Figure 6. Cluster centroids in 2D. Iteration three in urban layout.

Again, when visualizing the final representation of the map of Barcelona, considering the variables studied, the results seem to accurately reflect the distinctive characteristics of each sector of the city (Figure 7). Elevated areas of the city, such as Tibidabo and Montjuic, are appropriately associated with clusters two and 3, which have a high number of elevation changes and steep slopes.

Figure 7

Figure 7. Map of barcelona without NULLS - Iteration three in urban layout.

On the other hand, neighborhoods like Gracia and Ciutat Vella, known for their narrow streets and architectural peculiarities, have a high percentage of obstacles with a clear passage width of less than 1.20 m, according to our classification in cluster 0. This aligns with the reality of these neighborhoods, where historical urban design can pose challenges to walkability and cyclability.

Furthermore, the consistency between the basic knowledge of the city and its data-driven representation of district characteristics validates the subsequent representations of new study variables, creating a consistent model for work and study.

4.3 Safety

This category is strongly influenced by the number of accidents involving pedestrians or bicycles and the segments with a maximum speed of 30 km/h. Segments with no accidents and a maximum speed of 30 km/h receive the highest scores. Since the analysis needs to be conducted for both walkability and cyclability, a score has been assigned to each cluster from two different perspectives: as a pedestrian and as a cyclist.

After three iterations, 4 clusters have been identified in the stage described in Section 3.2.3 (Data Clustering for Processing Numerical Variables). The analysis of the centroids yields the following results:

• Cluster 3 → Green (4 points): Segments without accidents and a maximum speed of 30 km/h. In this regard, it achieves the highest score.

• Cluster 1 → Yellow (3 points): Segments without accidents but, unlike the previous cluster, without a speed limit, which poses a higher risk for cyclists.

• Cluster 0 → Red (2 points): Involves pedestrian accidents but not cyclist accidents

• Cluster 2 → Dark Red (1 point): Involves both pedestrian and cyclist accidents, which is why it received the lowest rating.
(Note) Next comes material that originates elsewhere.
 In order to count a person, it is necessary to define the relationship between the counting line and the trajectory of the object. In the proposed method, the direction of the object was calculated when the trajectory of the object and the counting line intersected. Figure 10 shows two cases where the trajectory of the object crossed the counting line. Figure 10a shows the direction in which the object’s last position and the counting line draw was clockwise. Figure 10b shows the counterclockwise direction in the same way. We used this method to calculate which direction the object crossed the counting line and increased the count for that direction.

The segments with a higher number of accidents, represented in red and dark red, are concentrated in the central area of the city, particularly in the l'Eixample neighborhood, where traffic flow is considerably high (Figure 8). In contrast, segments with fewer accidents or no accidents are primarily located in the peripheral areas of the city.

Figure 8

Figure 8. Barcelona Map. Iteration three from the pedestrian and cyclist Safety Perspective.

4.4 Modal distribution

The final analysis combines variables such as pedestrian segments, the presence of a bike lane, road type, and whether the road is bikeable determined by the scores obtained. Specifically, for pedestrians, segments exclusively for pedestrians that are also considered bikeable have received the highest rating. On the other hand, for cyclists, segments with bike lanes (some of which are also bikeable) receive the highest scores.
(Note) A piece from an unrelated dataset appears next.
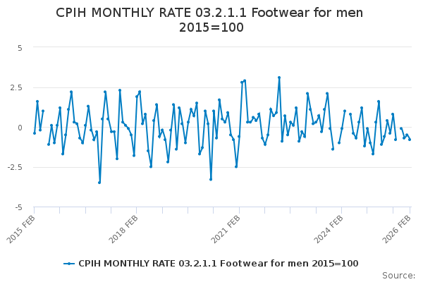 Download this time seriesCPIH MONTHLY RATE 03.2.1.1 Footwear for men 2015=100

For this analysis, as in the case of Safety, it is necessary to separate it into two perspectives: that of the pedestrian and that of the cyclist, thus obtaining two modal distribution scores, one for each case. From the pedestrian perspective, after three iterations, 5 clusters have been identified in the stage described in Section 3.2.3 (Data Clustering for Processing Numerical Variables). The analysis of the centroids enables us to outline the following remarks:

• Cluster 2 → Dark Green (5 points): These are only pedestrian segments, and at the same time, they are considered bikeable, so they receive the highest score.

• Cluster 4 → Light Green (4 points): The cluster is characterized by including segments with bike lanes. Considering that these segments showed better results in terms of the percentage of pedestrian accidents than segments exclusively considered bikeable, they are ranked second in the classification.
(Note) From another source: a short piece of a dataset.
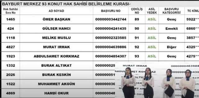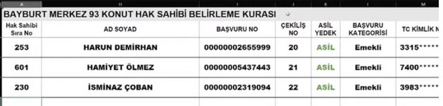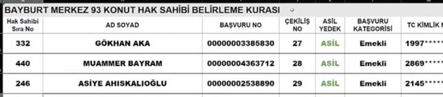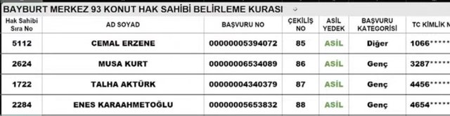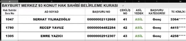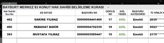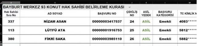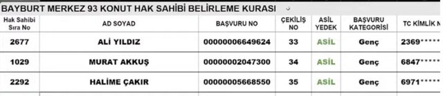 TOKİ Bayburt 19 Aralık kura çekilişinde çıkan bazı hak sahipleri şu şekilde;

• Cluster 1 → Yellow (3 points): It is characterized by having bikeable segments, which demonstrates a higher percentage of pedestrian accidents than those with bike lanes.

• Cluster 0 → Red (2 points): This group includes both bikeable and non-bikeable segments.

• Cluster 3 → Dark Red (1 point): This group consists solely of segments not suitable for cyclists, which does not promote healthy activity. These often correspond to highways or areas that are difficult to access for neither cyclists nor pedestrians, which is why they receive the lowest score.

It is worth noting that clusters one and three belong to secondary roads, groups 2 and 4 have a percentage of primary roads, and cluster 0 includes road types that are categorized as “other” (roundabouts, highways, intersections in squares, etc.) in the dataset. The results are displayed in Figure 9.

Figure 9

Figure 9. Barcelona Map. Iteration three from the pedestrian and cyclist’s perspective in the modal distribution.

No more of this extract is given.